Did you know that acceptance of LGBTI people is stronger than ever across the EU?

Despite hateful campaigns and attacks on LGBTI rights, more and more people across the EU agree that LGBTI people deserve equal rights and a life free from discrimination, according to a new report. 

Published last month, the latest Eurobarometer report, charting public opinion in the European Union, shows acceptance of LGBTI people is clearly on the rise across all EU countries. The claim of some governments that they represent the will of the majority of their people when discriminating against LGBTI people, does not hold against the findings.
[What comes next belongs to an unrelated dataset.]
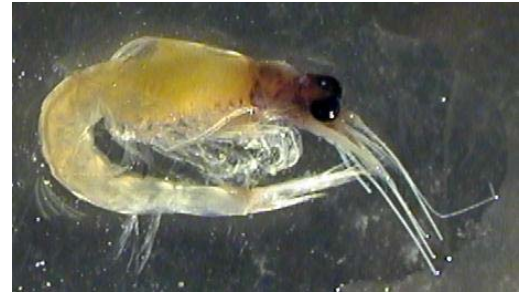
Lower trophic level organism ( Mysis )

Hydroacoustics is the use of sound waves to measure or monitor underwater processes. Sound waves travel great distances underwater without losing strength, making this an effective tool for studying the open waters of Lake Superior. In 2005, the University of Minnesota-Duluth and U.S. Geological Survey (USGS) continued a hydroacoustic assessment that ranked as the highest priority Aquatic Communities project. The objective is to determine the abundance of prey fish important to lake trout. Sound waves sent from the ship toward the lake bottom bounce off objects (fish, in this case) and return to the ship, where biologists interpret the signals. Mid-water trawls are used to catch fish and verify hydroacoustic data. This year, Michigan waters from Whitefish Bay to the tip of the Keweenaw Peninsula were surveyed. Including work in Ontario and Minnesota waters in prior years, over 2,000 km of transects have now been sampled.

The report also clearly shows that acceptance is significantly higher amongst people who know someone from the LGBTI community personally, counteracting the characterisation of LGBTI people as an abstract threat by some leaders. Being friends with LGBTI people has a large impact on responses to the survey questions.

The results, however, reflect clearly that ongoing attacks on LGBTI rights have had an impact. The report has found that more than half of the general public say there is widespread discrimination in their country on the basis of gender identity (being transgender, 57%) or sexual orientation (54%). Discrimination against intersex people is in the high numbers too, at 47%. Published last month, the report finds that the highest levels of perceived discrimination are on the basis of being Roma (65%), of skin colour (61%,), and of ethnic origin (60%). 

The Eurobarometer survey is carried out every four years, with the last report published in 2019. Public perception of discrimination against trans people has grown by nine percentage points (pp’s) since then, while against intersex people, it is up by eight pp’s. Sexual orientation is up just one pp, however the fact remains that over half of respondents think discrimination on the basis of sexual orientation is widespread.

However, at the same time, a rising number of 69% of EU citizens say that lesbian, gay and bisexual people should have the same rights as heterosexual people, and 64% say that trans people should have the same rights as everyone else. 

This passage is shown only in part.